Grunting Baby Syndrome (GBS) can sound like a serious ailment, but it is actually more normal than you think. There are a lot of things your baby is learning. As they develop they discover other things along the way like motions and noise that are brand new to them. One of the things they realize they have control over is bowel movement. One way they discover they can do this is by grunting. Grunting simply means the baby hasn’t yet figured out how to relax the pelvic floor while using abdominal pressure to move items through his or her digestive system. The abdominal muscles are not fully developed, and babies must bear down with the diaphragm against their closed voice box, which creates the grunting noise.

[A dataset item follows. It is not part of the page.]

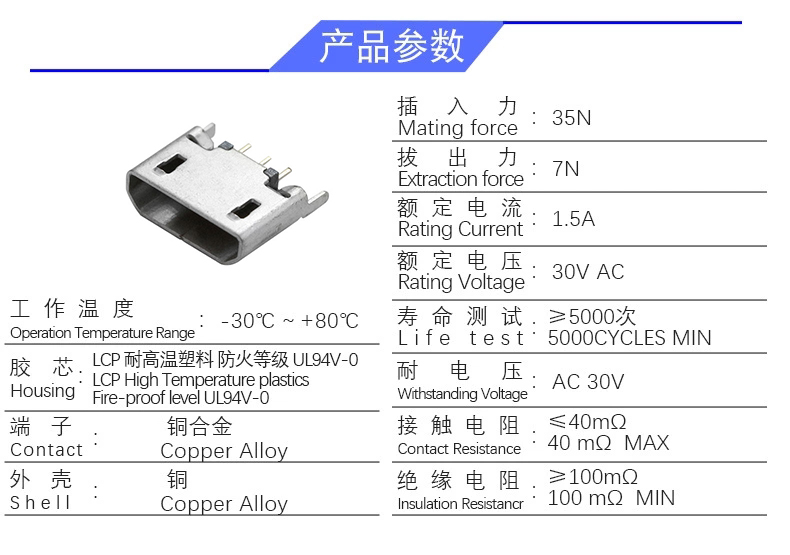 MICRO 5P/F B型 180度 (无卷边)

So, what is grunting baby syndrome? Is it an indication of constipation? Does it tell you that your baby’s bowels are malfunctioning? Is it simply an idiosyncrasy that some babies display? Or, is this a serious bowel problem? Like many other conditions humans suffer from, Grunting Baby Syndrome (GBS) is a diagnosis of exclusion.
Grunting Baby Syndrome: Causes, Symptoms, and Treatment
Is Grunting Normal for Babies?
Newborn grunting is quite normal. Newborns discover grunting when they use abdominal pressure to push poop or gas through their system. This is a skill they develop because those muscles are underdeveloped at this point. When babies start to grunt, they may be moving their bowels. It can also occur while they sleep. It can be distracting for parents who have their newborns in their bedroom for the first few months.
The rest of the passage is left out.